And here we go.
Sydney, Australia, life dream comes true.
Very very nice city.
It's a mixture between San Francisco and London, with the beautiful beaches in addition (there are beaches in SF but you the water is too cold to swim). I could have stayed there my whole trip (1 month).
In fact some people do that (and they usually stay more than 1 month). There is so much to do there that you get the feeling to rush things in one week. I wish I could teleport friends and family and live here. This is a shared feeling with most people I met.
This won't happen I fear.

I went at the top of the bridge. BridgeClimb they call that.
Nice view but a rip off : 120 euros. The guide with our group was a very pretty blond girl (no picture sorry) what hardly made up for the price. What impressed me more is how she made some really funny jokes along the way, jokes she probably does 4 times a day. But she did them like if it was the first time. We laugh as good ripped off tourists do. Australians seem to have a wicked sense of humour, a bit like the english, whom they call poms and whom they take pleasure to beat at every sport.
Everything is really expensive here, what is the main drawback of this country. But once you are so far down under (expression to speak about Australia and New Zealand), you think what the eck, I'm so far from home I might never come back, let's spend all my money
.
I will need a better paid job after this trip.
The best way to see the city is to take a ferry to another part of sydney like the zoo or manly beach.
The giraffe, a typical australian animal
You can see koalas and animals from everywhere actually. Koalas are like pretty furrytoys but stupid (not that toys are really smart). They spend 80% of their energy to digest the toxin of eucalyptus what let them less time to think about other things than eucalyptus. They have this dizzy look in their eye like some people I know have after some beers. They have few predators, what is lucky for us because otherwise they wouldn't have passed the darwin test and we wouldn't have the pleasure to pay 20 euros to have a picture with one at the zoo.

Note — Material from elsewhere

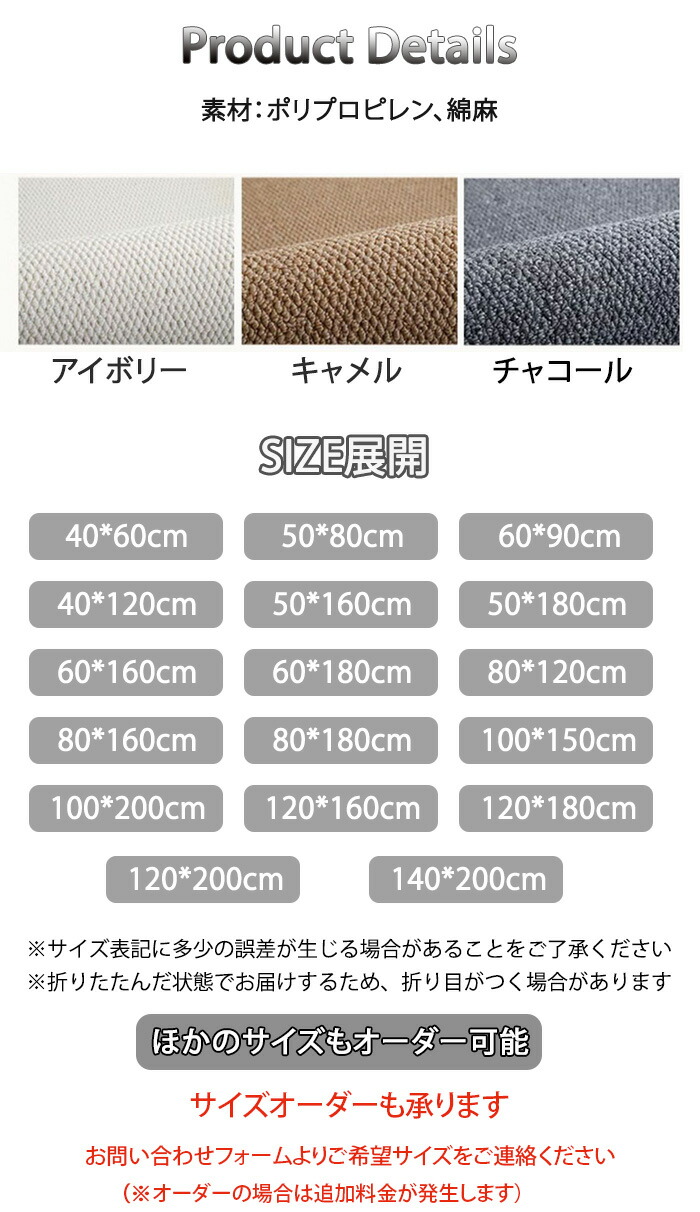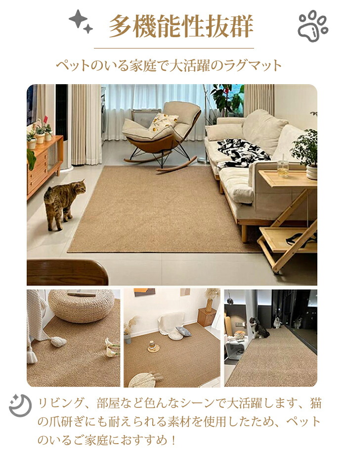 ペットマット 爪とぎ 滑らない 爪とぎ キャメル アイボリー チャコール 40*60cm 50*80cm 60*90cm 40*120cm 50*160cm 50*180cm 60*160cm 60*180cm 80*120cm 80*160cm 80*180cm 100*150cm 100*200cm 120*160cm 120*180cm 120*200cm 140*200cm オーダーメイド

In fact, the first colons hunted them but it was quickly forbidden. Just too easy...
So they introduced foxes from Europe to foxhunt. Foxes have multiplied everywhere and provoked extinction of many many species. Humans are not much smarter than koalas sometimes it seems. Tasmania was the only place in australia not invaded by foxes, until recently when one was spotted.
The little one is as wanted as Osama Ben Laden. And as hard to catch it seems.